Oscar’s main problem, as he sees it, is his “high expectations,” chief among them his desire to let Eve know how he feels and then somehow do something about it. At Thanksgiving dinner, at which antiquities professor Stanley feels the need to apologize to Native Americans before sitting down to table, Oscar drifts about trying to engage Eve’s attention, but later drunkenly ends up in the apartment of Eve’s best friend, worldly wise chiropractor Diane (Bebe Neuwirth), who works wonders on Oscar on the massage bench and later in the sack.

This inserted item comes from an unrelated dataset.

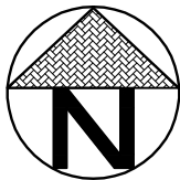
LIST OF WARD BOUNDARIES

DRAFT MAP SHOWING THE PROPOSED BOUNDRIES OF VILLAGE PANCHAYAT WARDS

Startled to realize the next morning what has happened, Oscar is nonetheless encouraged by Diane’s disclosure that there is a “void” in Eve’s life, one that he imagines he can fill. After Oscar is hit upon by Diane’s circle of lady friends and he ignores persistent interest by girls in his class, all the accumulating tensions are squeezed to the breaking point in a brilliantly realized restaurant dinner scene involving Oscar, who is desperate that Diane not divulge to Eve what happened between them; Diane, who after a few glasses of wine starts not to give a damn; Stanley, who thinks his son spent the previous night with a cute young classmate who also happens to be in the restaurant; and Eve, whose secret passion for late-era Elvis has prompted Oscar to wear fake sideburns for the evening.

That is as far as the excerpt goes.